=== DESCRIPTION OF THE TASK ===
Exact copies of all the lines below are required, with the pictures omitted.

COLLECTED MATERIAL below:

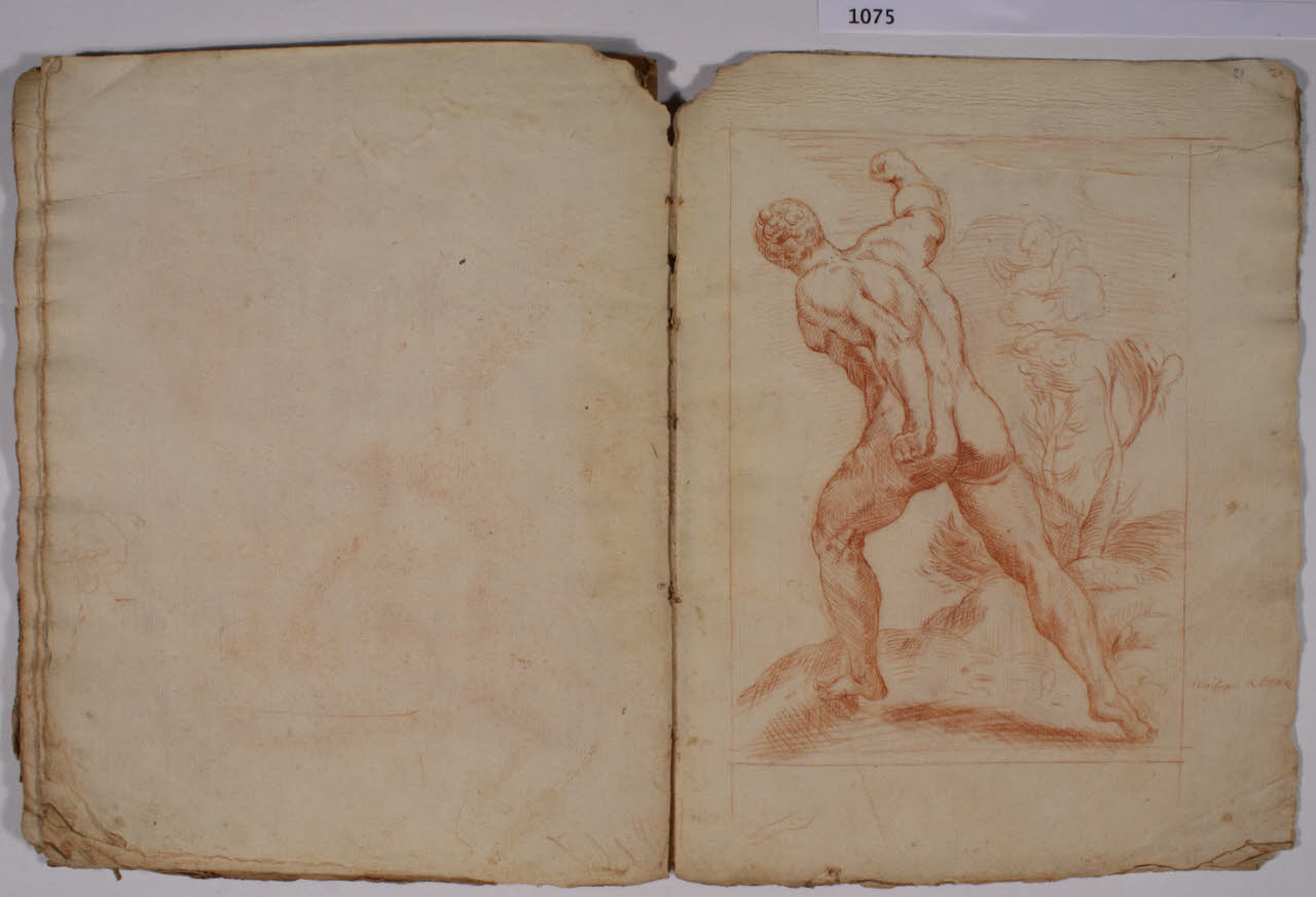 - NOTIZIE STORICO CRITICHE L'album, costituito da disegni di copia a matita rossa, riproduce alcune delle incisioni, con sculture dell'antichità, realizzate da François Perrier (1594-1650) e raccolte nella serie di cento tavole "Segmenta nobilium signorum et statuarum", data alle stampe per la prima volta a Roma nel 1638 e oggi nota in più edizioni, anche di anni successivi (sulla serie incisoria: S. Laveissière, "L'antique selon François Perrier: les Segmenta nobilium Signorum et leurs modèles", in "Poussin et la construction de l'antique", 2011, pp. 49-151). \nIl foglio in analisi riproduce l'incisione (tavola 29) con "Gladiatore Borghese" del Museo del Louvre di Parigi. Il foglio mostra un'iscrizione poco leggibile. Al verso sono presenti tre piccoli schizzi, uno di un volto, uno cancellato e uno di un occhio.
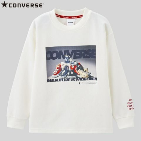 フロントのグラフィックフォトプリントが目を引くCONVERSEの長袖Tシャツ。
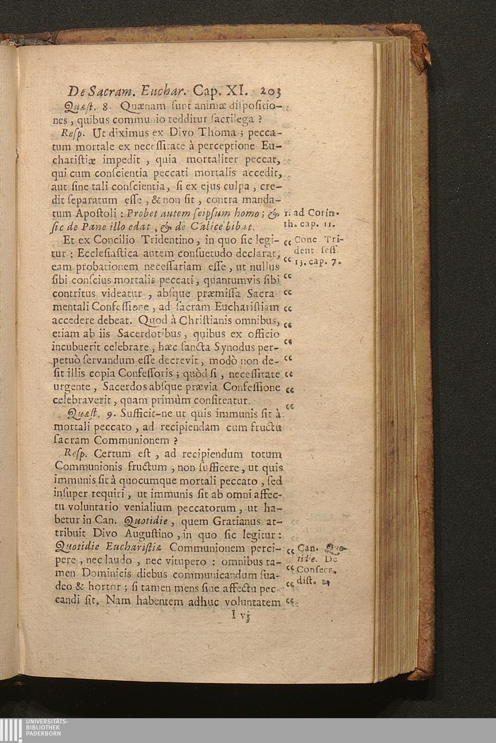 Tomus Tertius (1703) Continens Tractatus de Sacramentis in genere; de Baptismo, de Confirmatione, Eucharistia, Sacrificio Missæ; Constitutionem Innocentii XII. super celebratione Missarum, variaque alia decreta

End of COLLECTED MATERIAL.

=== TASK OUTPUT ===
 - NOTIZIE STORICO CRITICHE L'album, costituito da disegni di copia a matita rossa, riproduce alcune delle incisioni, con sculture dell'antichità, realizzate da François Perrier (1594-1650) e raccolte nella serie di cento tavole "Segmenta nobilium signorum et statuarum", data alle stampe per la prima volta a Roma nel 1638 e oggi nota in più edizioni, anche di anni successivi (sulla serie incisoria: S. Laveissière, "L'antique selon François Perrier: les Segmenta nobilium Signorum et leurs modèles", in "Poussin et la construction de l'antique", 2011, pp. 49-151). \nIl foglio in analisi riproduce l'incisione (tavola 29) con "Gladiatore Borghese" del Museo del Louvre di Parigi. Il foglio mostra un'iscrizione poco leggibile. Al verso sono presenti tre piccoli schizzi, uno di un volto, uno cancellato e uno di un occhio.
 フロントのグラフィックフォトプリントが目を引くCONVERSEの長袖Tシャツ。
 Tomus Tertius (1703) Continens Tractatus de Sacramentis in genere; de Baptismo, de Confirmatione, Eucharistia, Sacrificio Missæ; Constitutionem Innocentii XII. super celebratione Missarum, variaque alia decreta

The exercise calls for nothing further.